Having gone through Chapter 23 DB integration, myshop-api is a complete service with EKS · RDS · Secrets · the connection pool all in place, but humans are still heavily involved when a new version arrives. Someone builds and pushes the container, someone changes the manifest’s image tag, and someone runs helm upgrade. This chapter automates that flow as code. GitHub Actions pushes the image to ECR without static keys via OIDC trust, auto-commits the Helm values in the manifest repo, and ArgoCD, covered in Chapter 20 GitOps, detects that change and syncs it to the cluster.

The goal of this chapter is a state where one code push auto-deploys to dev, and one git tag queues up a prod deployment. We also cover the production-standard PR approval gate and canary automatic promote / rollback.

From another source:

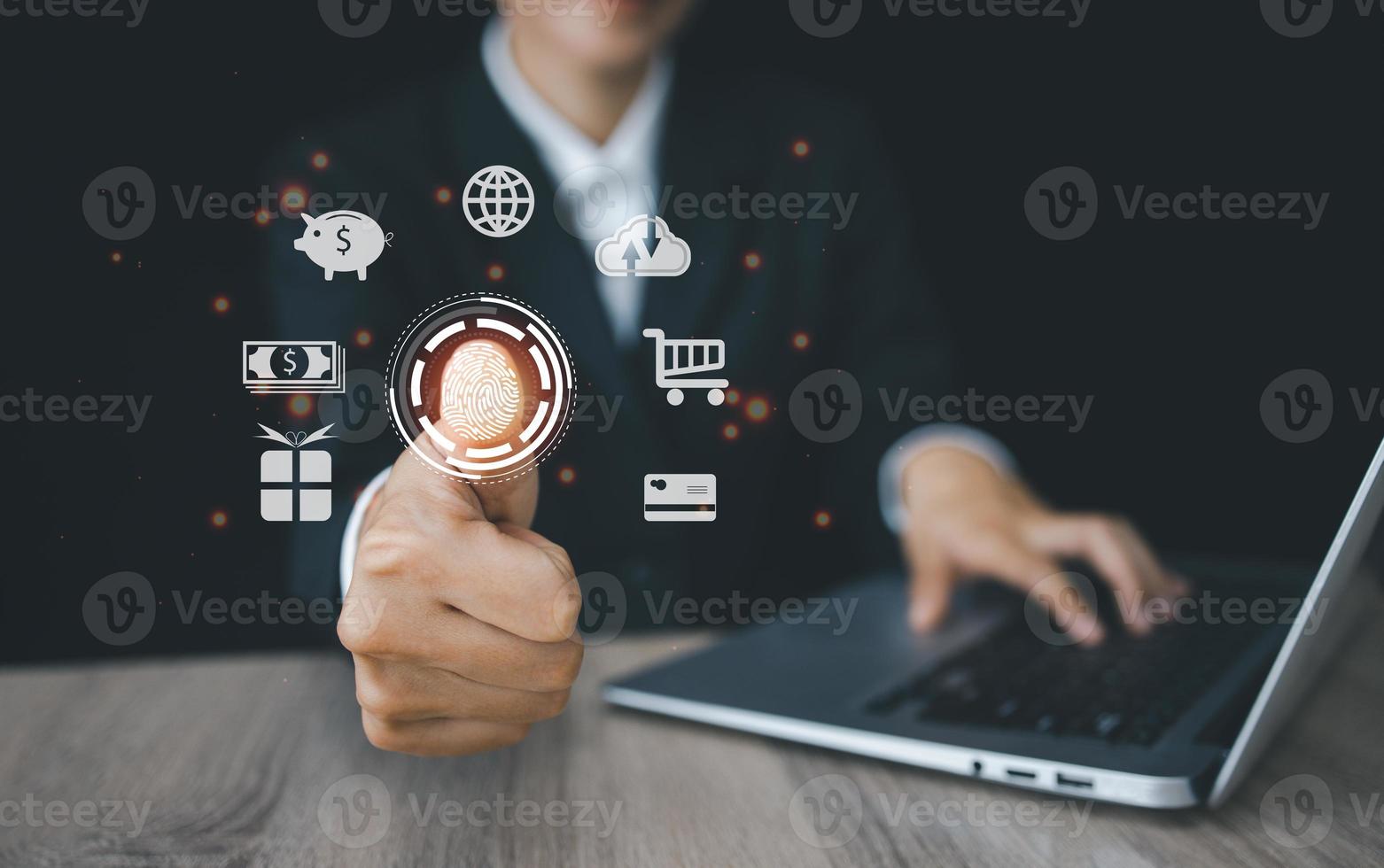 Fingerprint scan provides security access with biometrics identification. Business Technology Safety Internet Concept. processing of biometric for access personal data. Pro Photo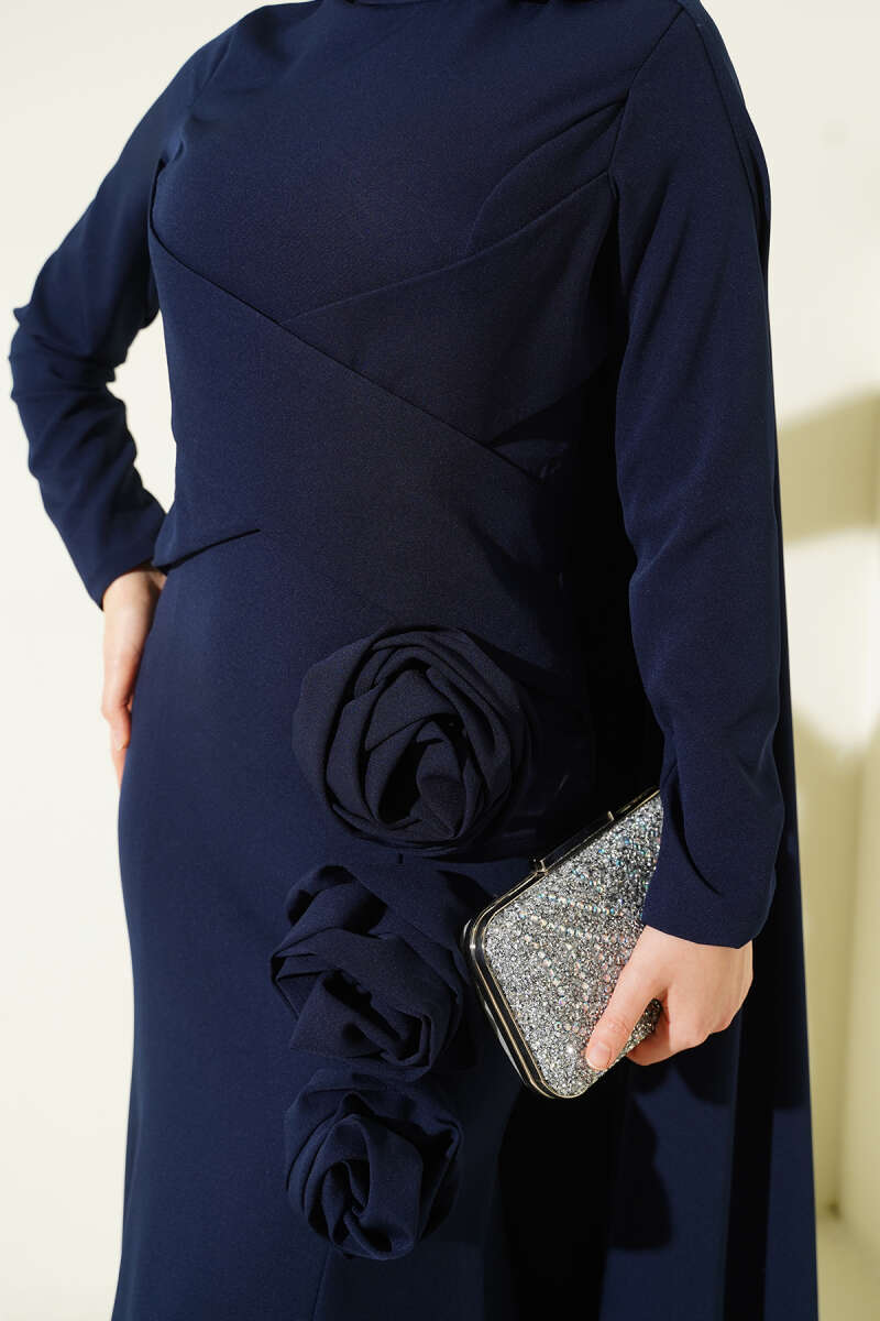 Omuz Pelerinli Taş Detaylı Abiye Elbise Lacivert

The two-repo model — separating code and manifests #

The most common pattern in GitOps is the separation of two repos. The model touched on in Chapter 20 GitOps §“One repo vs two repos” is shown here as a full production pipeline.

repoRole
myshop-api (application repo)Source code, Dockerfile, GitHub Actions workflow
myshop-manifests (manifest repo)Helm values, ArgoCD Application manifests, per-environment config

There are three benefits to this separation.

  • Separation of permissions — the reviewers for code changes and for infrastructure / deployment changes can differ.
  • Clarity of changes — looking at the git log, “which version was up in prod at this point” is clear.
  • ArgoCD only needs to watch one place — watch just the manifest repo and the desired state of every environment is captured.

The flow of a code push is captured in the following one line.

One cycle of GitOps
[developer push] -> [GitHub Actions: build / test / ECR push]
              -> [auto-commit the image tag in the manifest repo]
              -> [ArgoCD detects the change]
              -> [deploy the new version to the cluster]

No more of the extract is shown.